🤖 AI Summary
Real-world graph data often arise from mixtures of multiple latent distributions—i.e., distinct graph generation mechanisms—yet existing graph representation learning methods (e.g., contrastive learning, Mixup) fail to explicitly model this mixture structure.
Method: This paper is the first to formally model graph data as a mixture of graphons (nonparametric graph limit models), and proposes a unified framework that estimates mixture components via motif densities (graph moments), enabling disentangled representation learning. It introduces graphon-mixture-aware Mixup augmentation and contrastive learning, theoretically justified by proving that graphons with small cut distance exhibit similar motif densities—ensuring both augmentation validity and discriminative negative sampling.
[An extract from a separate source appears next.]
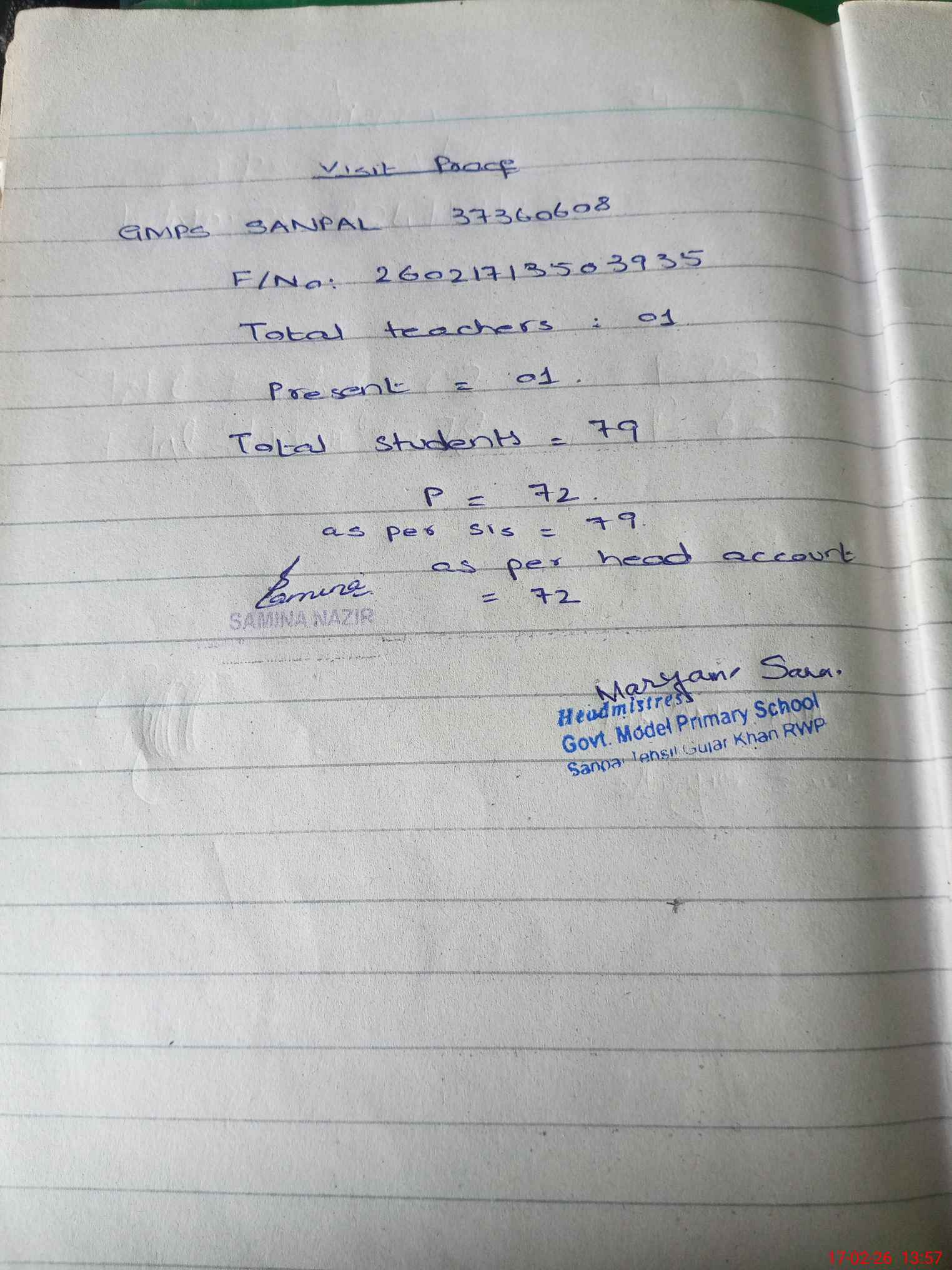 | Attendance Register | Head Teacher | MEA with School | Visit Proof |

Results: Extensive experiments demonstrate that the unsupervised method MGCL achieves top-1 average rank across 8 benchmark datasets; the supervised method GMAM attains state-of-the-art accuracy on 6 out of 7 datasets.
📝 Abstract
Real-world graph datasets often consist of mixtures of populations, where graphs are generated from multiple distinct underlying distributions. However, modern representation learning approaches, such as graph contrastive learning (GCL) and augmentation methods like Mixup, typically overlook this mixture structure. In this work, we propose a unified framework that explicitly models data as a mixture of underlying probabilistic graph generative models represented by graphons. To characterize these graphons, we leverage graph moments (motif densities) to cluster graphs arising from the same model. This enables us to disentangle the mixture components and identify their distinct generative mechanisms. This model-aware partitioning benefits two key graph learning tasks: 1) It enables a graphon-mixture-aware mixup (GMAM), a data augmentation technique that interpolates in a semantically valid space guided by the estimated graphons, instead of assuming a single graphon per class. 2) For GCL, it enables model-adaptive and principled augmentations. Additionally, by introducing a new model-aware objective, our proposed approach (termed MGCL) improves negative sampling by restricting negatives to graphs from other models. We establish a key theoretical guarantee: a novel, tighter bound showing that graphs sampled from graphons with small cut distance will have similar motif densities with high probability. Extensive experiments on benchmark datasets demonstrate strong empirical performance. In unsupervised learning, MGCL achieves state-of-the-art results, obtaining the top average rank across eight datasets. In supervised learning, GMAM consistently outperforms existing strategies, achieving new state-of-the-art accuracy in 6 out of 7 datasets.